INFORMATION SHOWN below:

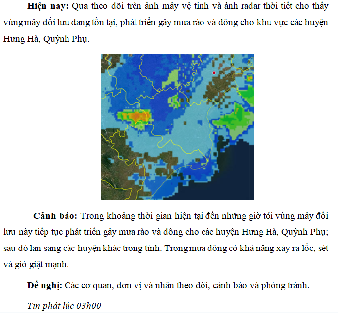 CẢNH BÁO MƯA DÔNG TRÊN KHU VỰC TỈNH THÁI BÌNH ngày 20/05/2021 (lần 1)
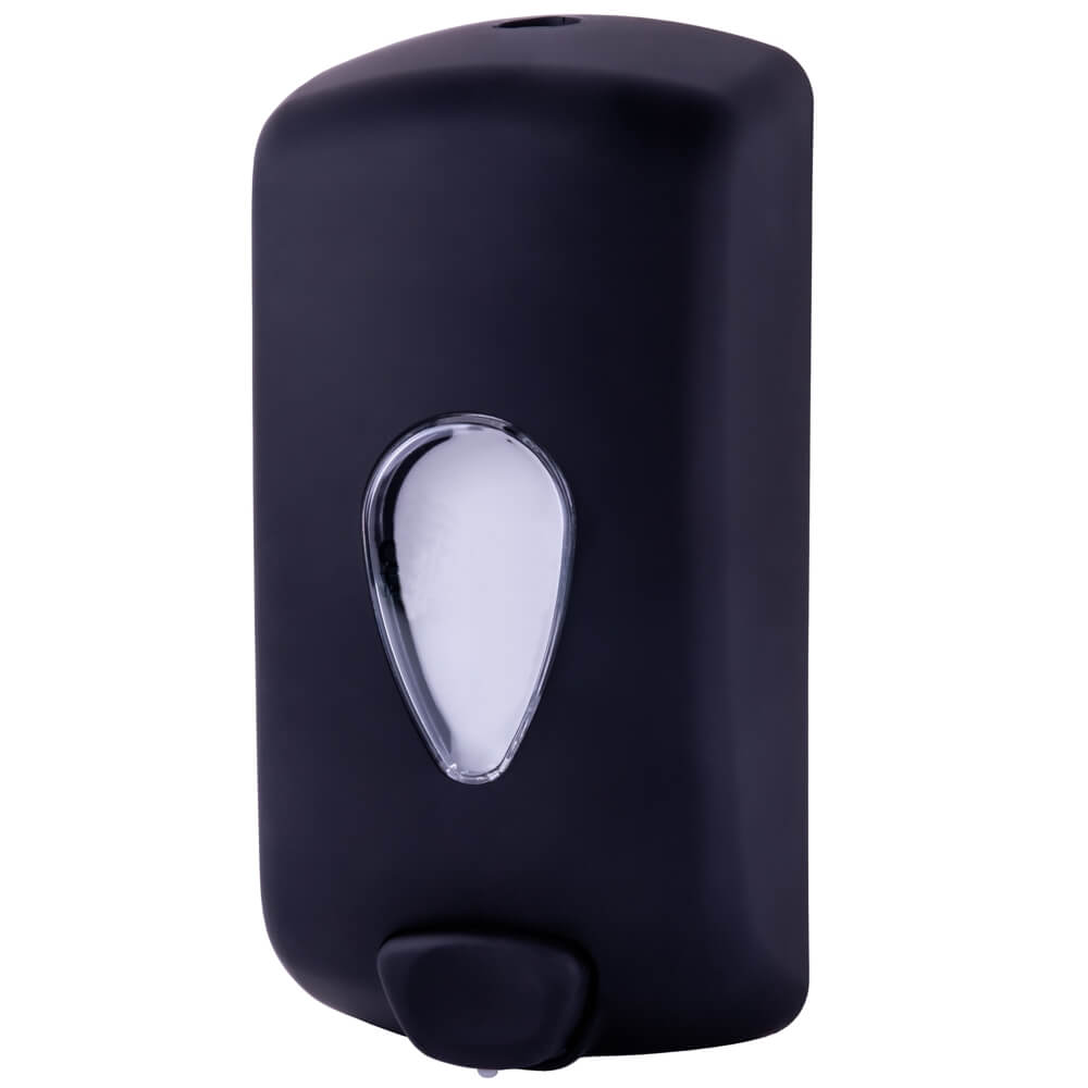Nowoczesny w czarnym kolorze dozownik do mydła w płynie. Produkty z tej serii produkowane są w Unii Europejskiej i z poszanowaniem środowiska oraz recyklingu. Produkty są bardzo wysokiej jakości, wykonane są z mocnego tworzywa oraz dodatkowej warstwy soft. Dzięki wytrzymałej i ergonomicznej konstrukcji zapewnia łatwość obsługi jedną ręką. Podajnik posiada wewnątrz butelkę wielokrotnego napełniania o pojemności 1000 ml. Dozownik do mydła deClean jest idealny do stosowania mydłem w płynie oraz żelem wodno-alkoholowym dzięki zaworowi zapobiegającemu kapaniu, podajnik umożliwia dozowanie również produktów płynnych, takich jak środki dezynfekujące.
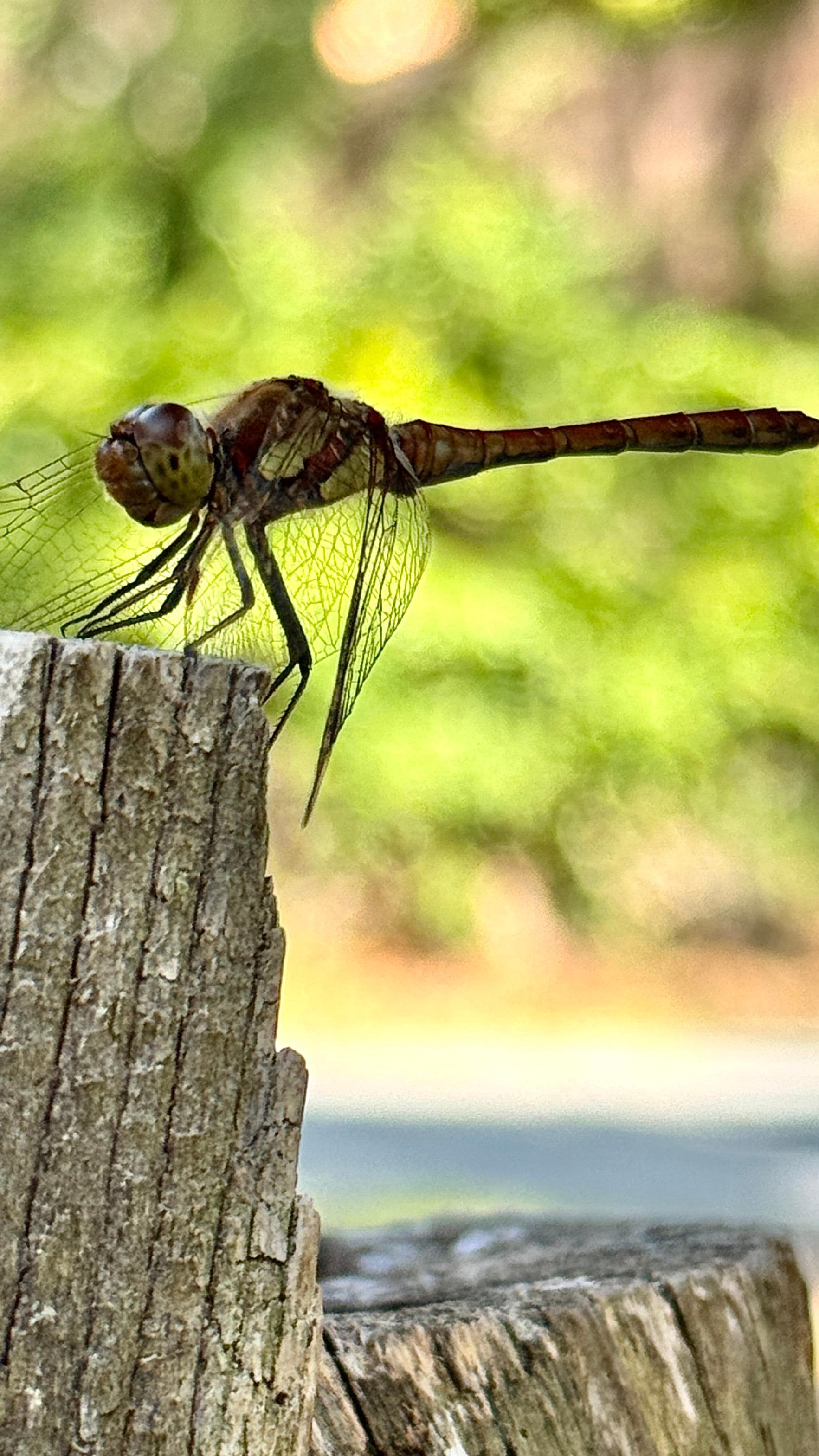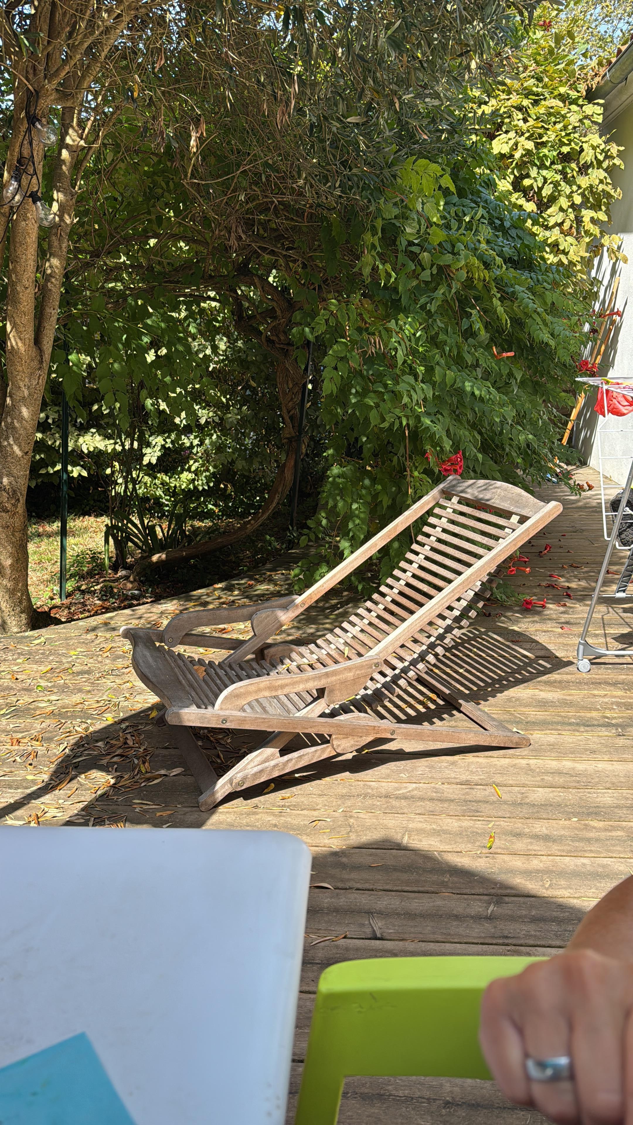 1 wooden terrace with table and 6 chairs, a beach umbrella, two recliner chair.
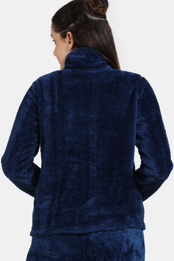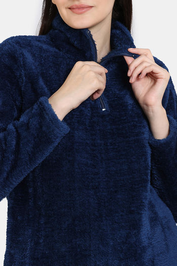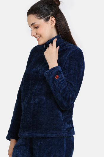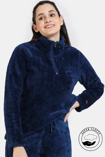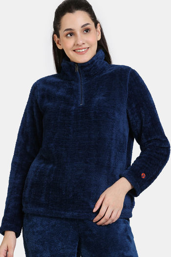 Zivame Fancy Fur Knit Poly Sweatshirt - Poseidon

End of INFORMATION SHOWN.

● **AIM OF THE EXERCISE**
Write out the data word for word, with every picture dropped.

● **ANSWER**
 CẢNH BÁO MƯA DÔNG TRÊN KHU VỰC TỈNH THÁI BÌNH ngày 20/05/2021 (lần 1)
Nowoczesny w czarnym kolorze dozownik do mydła w płynie. Produkty z tej serii produkowane są w Unii Europejskiej i z poszanowaniem środowiska oraz recyklingu. Produkty są bardzo wysokiej jakości, wykonane są z mocnego tworzywa oraz dodatkowej warstwy soft. Dzięki wytrzymałej i ergonomicznej konstrukcji zapewnia łatwość obsługi jedną ręką. Podajnik posiada wewnątrz butelkę wielokrotnego napełniania o pojemności 1000 ml. Dozownik do mydła deClean jest idealny do stosowania mydłem w płynie oraz żelem wodno-alkoholowym dzięki zaworowi zapobiegającemu kapaniu, podajnik umożliwia dozowanie również produktów płynnych, takich jak środki dezynfekujące.
 1 wooden terrace with table and 6 chairs, a beach umbrella, two recliner chair.
 Zivame Fancy Fur Knit Poly Sweatshirt - Poseidon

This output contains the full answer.